__TRY IT__: Up to and including the line that holds "Fatet är designat", copy every line of the records below exactly, starting at the first; leave pictures out.

[Recorded data]

+-------+

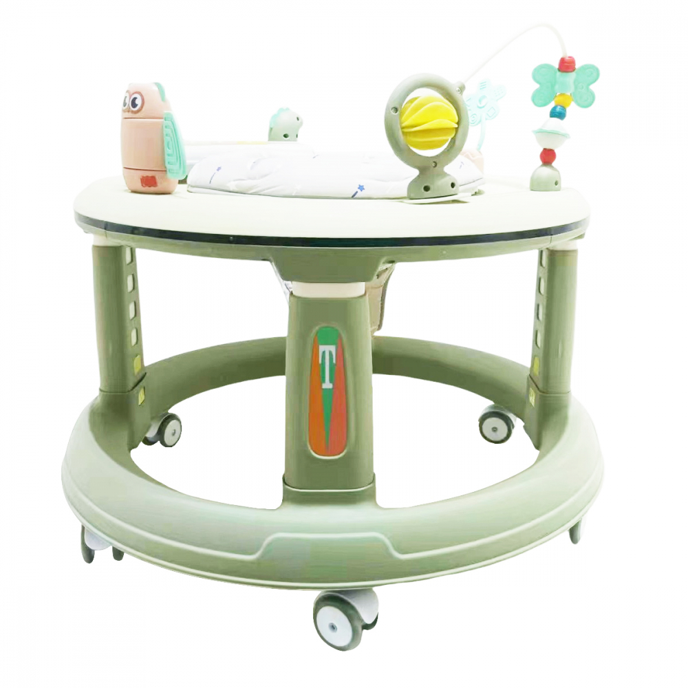 Premergator bebelusi Little Mom Activity Green, educational, cu panou interactiv, sezut rotativ 360 grade, roti pivotante silentioase, dimensiune 68 x 68 x 50 cm
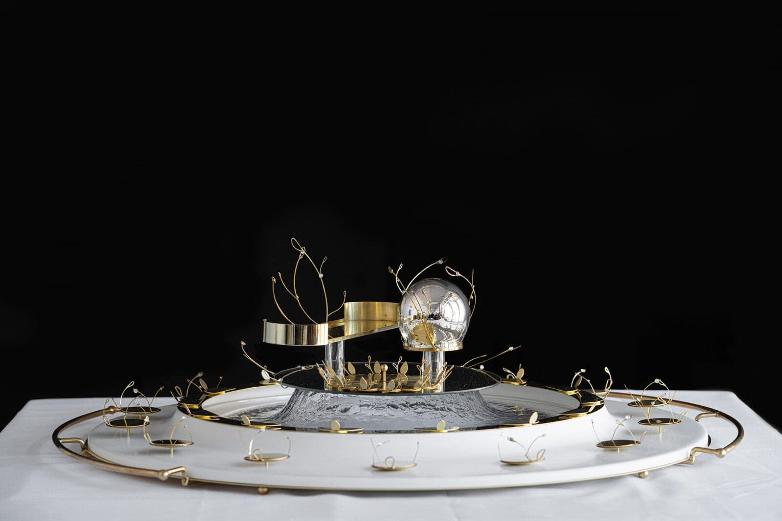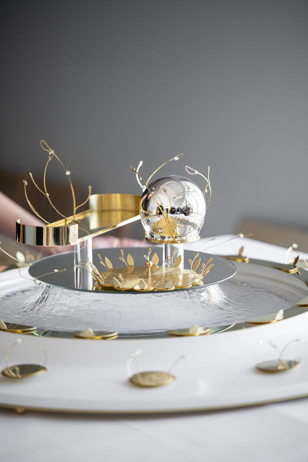 Fatet är designat av Sara Gibrand och producerat i tätt samarbete Jimmi Eriksson och Swedese. Inspirationen är hämtad från Jimmis favoritepok, art deco, som blev ledordet i designprocessen. Utmaningen var att göra något som stack ut och som inte liknande något fat från tidigare tävlingar. Första volymprototypen var gjord i skum, där den yttre corianringen i vitt adderades, för att i efterhand fylla på med handblåst glas, handsmidd mässing, laserskuren mässingsplåt, speglar och små kristaller.
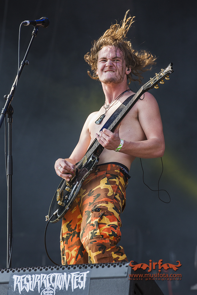 …Parece el comienzo de una serie apocalíptica…(en cierta manera lo es jjjj) y no sabemos si decir,…por fin!!! o,… Guay! Otro día de festi!…Las fuerzas ya están un poco al límite; pero la verdad es que hoy, el cartel tiene cosas atractivas,.., así que volvemos a la carga. Como ya es habitual, el cuartel general estará entre el _Main Stage_ y el _Ritual Stage_…Hoy, lo interesante, para mí (…y el resto de días, la verdad) está aquí. Quizás sea el “plantel” más heavy dentro de la oferta tan variada que nos ofrece el festival. Como el resto de jornadas, hay sugestivas opciones para vivir el último asalto al “Resu” y seguramente cada cual elegirá la que más le atraiga e interese…o incluso irá improvisando sobre la marcha, según vaya desarrollándose el día y dependerá, quizás también, de donde le pille en cada momento…Es sábado y vuelve a lucir el sol. ¿Resaca?…bueno, algo que no pueda remediar un buen desayuno/almuerzo…o como diría alguien,…”un clavo saca otro clavo” y así tendrá excusa para empalmar con la “torrija” del día anterior. Ya estamos entrando y lo primero que nos encontramos es el rock de ARRYTHMIA…para seguir con dos alternativas. CORDURA, si quieres volver atrás o PERPETUAL NIGHT si quieres seguir hacia delante. Me acerco hasta los segundos, ya que después tenemos a “tiro” al siguiente grupo. Death sinfónico asequible que cuenta con la colaboración de Patricia (Celtibeerian),…adelantando una muestra de lo que vendría más tarde. MISIVA. No todo va a ser ”metal”!…grita el cantante. Los asturianos ponen énfasis en su Punk-Rock convencional y urbano, aunque hay que quitarle parte de razón, porque sí,…luego sí fue casi todo “metal”  lo que sonó en el Main (…y cercanías). Lo que venía a continuación era una de las decenas de ejemplos para mostrar el carácter tan ecléctico del festival. Coincidencia en el tiempo TALESIEN y CATHEXIA. Dos agrupaciones con estilos dispares. Mientras Talesien hacen un Heavy Metal tradicional con algún tinte progresivo, Cathexia se adentran en un “Death Metal” añejo llevado a extremos más radicales. Mucho calor. El sol dando de lleno sobre el escenario principal y mientras CELTIBEERIAN revindican la “denominación de origen” de los vinos manchegos a golpes de “Folk Metal”, MORGEN tocan en el _Chaos_…Vamos a hacer un poco de ruido!!!…Gritan STRIKEBACK. Ya se hicieron con el título de ganadores de la “Wacken Metal Battle” el año pasado. Desde A Coruña, Trash metal de la vieja escuela con sangre joven, que  después de nueve años desde su primera actuación por estos lares, volvían a Viveiro. En el _Desert_ podías ver a SYBERIA.  CLOSE TO THE SKY (…fueron los ganadores del “Band Contest” en 2017) empiezan cinco minutos antes que ALIEN WEAPONRY que son un jovencísimo trio de Nueva Zelanda que parecen sacados de una serie televisiva de “surferos pijitos”. Mezclan el groove y el trash con tintes étnicos y envuelven la actuación en una atmósfera trival cantando en Maorí. Después de su actuación del “festi”, han girado por nuestro país.
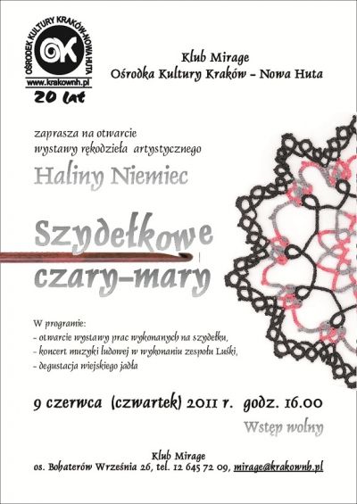 Klub Mirage Oœrodka Kultury Kraków – Nowa Huta (os. Bohaterów Wrzeœnia 26) zaprasza 9 maja (czwartek) 2011 r. o godz. 16.00 na otwarcie wystawy prac Haliny Niemiec wykonanych na szydełku.
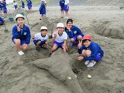 みんなでつくった砂山を利用して、砂の造形スタートです。それぞれ班がんばって、砂の造形が完成しました。何をつくったか分かりますか?

+-------+

__RESPONSE__:
 Premergator bebelusi Little Mom Activity Green, educational, cu panou interactiv, sezut rotativ 360 grade, roti pivotante silentioase, dimensiune 68 x 68 x 50 cm
 Fatet är designat av Sara Gibrand och producerat i tätt samarbete Jimmi Eriksson och Swedese. Inspirationen är hämtad från Jimmis favoritepok, art deco, som blev ledordet i designprocessen. Utmaningen var att göra något som stack ut och som inte liknande något fat från tidigare tävlingar. Första volymprototypen var gjord i skum, där den yttre corianringen i vitt adderades, för att i efterhand fylla på med handblåst glas, handsmidd mässing, laserskuren mässingsplåt, speglar och små kristaller.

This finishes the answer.